The result should be the listing below, restated exactly, with its pictures left out.

**INFORMATION PROVIDED:**
^^^^

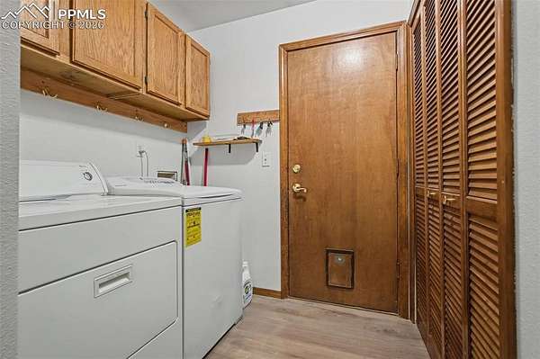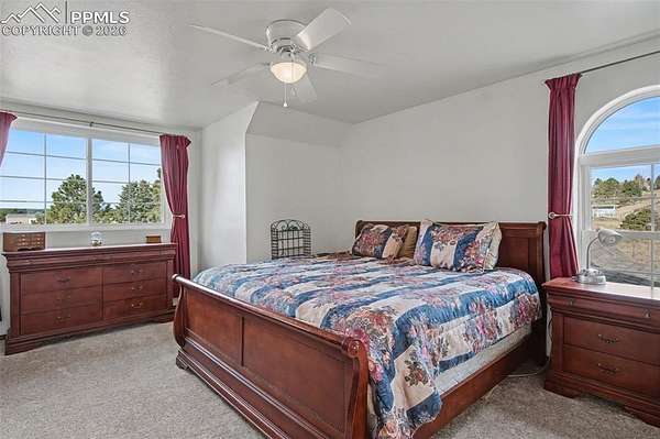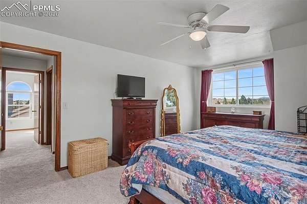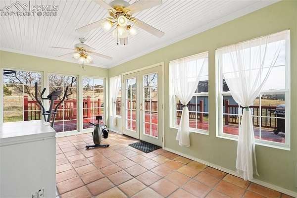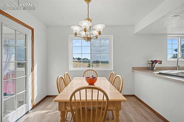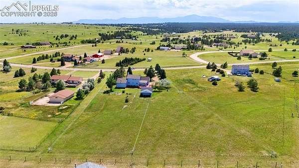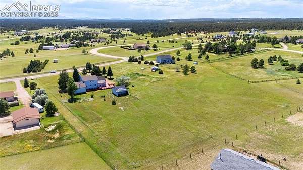 Situated in the desirable Latigo neighborhood, this property captures the essence of Colorado living with a beautiful, level lot, mature pine trees & stunning views of Pikes Peak & the Front Range. The setting offers a rare blend of privacy, usability & wide-open space, perfect for enjoying quiet mornings, sunsets & everyday life outdoors. Designed with both relaxation & functionality in mind, the exterior features a covered front porch & an expansive back deck, ideal for taking in the views or entertaining. The land is fully set up for animals with a fenced front yard, two separate pastures & a 24x20 shed/workshop with attached loafing shed, ideal for hay storage, equipment or hobbies. Inside, the home offers a comfortable floor plan with multiple living spaces. A spacious family room addition is filled with natural light from large windows, with built-in shelving, a cozy fireplace & direct access to the backyard. New carpet extends through the living room, family room & bedrooms, adding a fresh, comfortable feel throughout these spaces. The kitchen & dining areas have been refreshed with luxury vinyl plank flooring, stainless steel appliances & updated interior paint. The kitchen also includes an eat-in area, flowing into a large sunroom with walk-out access to the deck, offering a versatile space for a sitting room, playroom, or home office. Upstairs, you'll find three well-sized bedrooms & two full bathrooms, including a primary suite with attached bathroom & walk-in closet. The fully finished basement provides additional flexibility with large rec room, non-conforming bedroom, a third bathroom & a second laundry hook-up. Located within District 49 & offering convenient access to Meridian Road & Highway 24, this property combines a peaceful, rural feel with everyday accessibility. Residents also enjoy access to the Latigo Equestrian Center & neighborhood riding easements, making it an ideal fit for those seeking space, views & a more relaxed Colorado lifestyle.
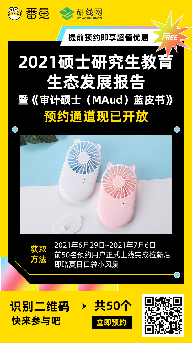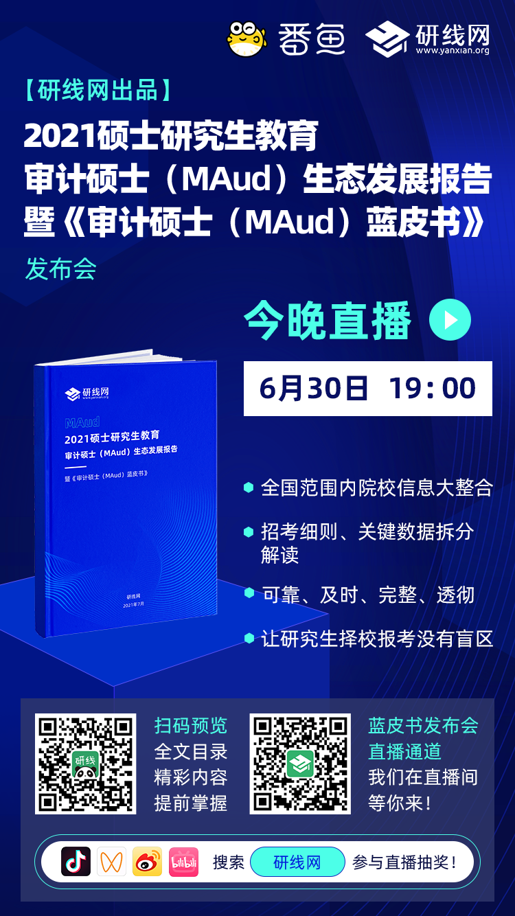 【研線網出品】2021碩士研究生教育審計碩士(MAud)生態發展報告暨《審計碩士(MAud)藍皮書》在7月7日10:00全網正式上線!在正式上線之前,我們將以直播形式為大家詳細介紹。
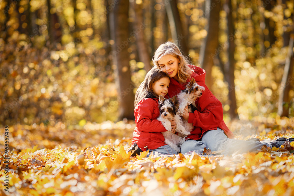 Fotografie Mother and daughter sitting on a blanket in autumn forest with dogs

^^^^

**RESULT:**
 Situated in the desirable Latigo neighborhood, this property captures the essence of Colorado living with a beautiful, level lot, mature pine trees & stunning views of Pikes Peak & the Front Range. The setting offers a rare blend of privacy, usability & wide-open space, perfect for enjoying quiet mornings, sunsets & everyday life outdoors. Designed with both relaxation & functionality in mind, the exterior features a covered front porch & an expansive back deck, ideal for taking in the views or entertaining. The land is fully set up for animals with a fenced front yard, two separate pastures & a 24x20 shed/workshop with attached loafing shed, ideal for hay storage, equipment or hobbies. Inside, the home offers a comfortable floor plan with multiple living spaces. A spacious family room addition is filled with natural light from large windows, with built-in shelving, a cozy fireplace & direct access to the backyard. New carpet extends through the living room, family room & bedrooms, adding a fresh, comfortable feel throughout these spaces. The kitchen & dining areas have been refreshed with luxury vinyl plank flooring, stainless steel appliances & updated interior paint. The kitchen also includes an eat-in area, flowing into a large sunroom with walk-out access to the deck, offering a versatile space for a sitting room, playroom, or home office. Upstairs, you'll find three well-sized bedrooms & two full bathrooms, including a primary suite with attached bathroom & walk-in closet. The fully finished basement provides additional flexibility with large rec room, non-conforming bedroom, a third bathroom & a second laundry hook-up. Located within District 49 & offering convenient access to Meridian Road & Highway 24, this property combines a peaceful, rural feel with everyday accessibility. Residents also enjoy access to the Latigo Equestrian Center & neighborhood riding easements, making it an ideal fit for those seeking space, views & a more relaxed Colorado lifestyle.
 【研線網出品】2021碩士研究生教育審計碩士(MAud)生態發展報告暨《審計碩士(MAud)藍皮書》在7月7日10:00全網正式上線!在正式上線之前,我們將以直播形式為大家詳細介紹。
 Fotografie Mother and daughter sitting on a blanket in autumn forest with dogs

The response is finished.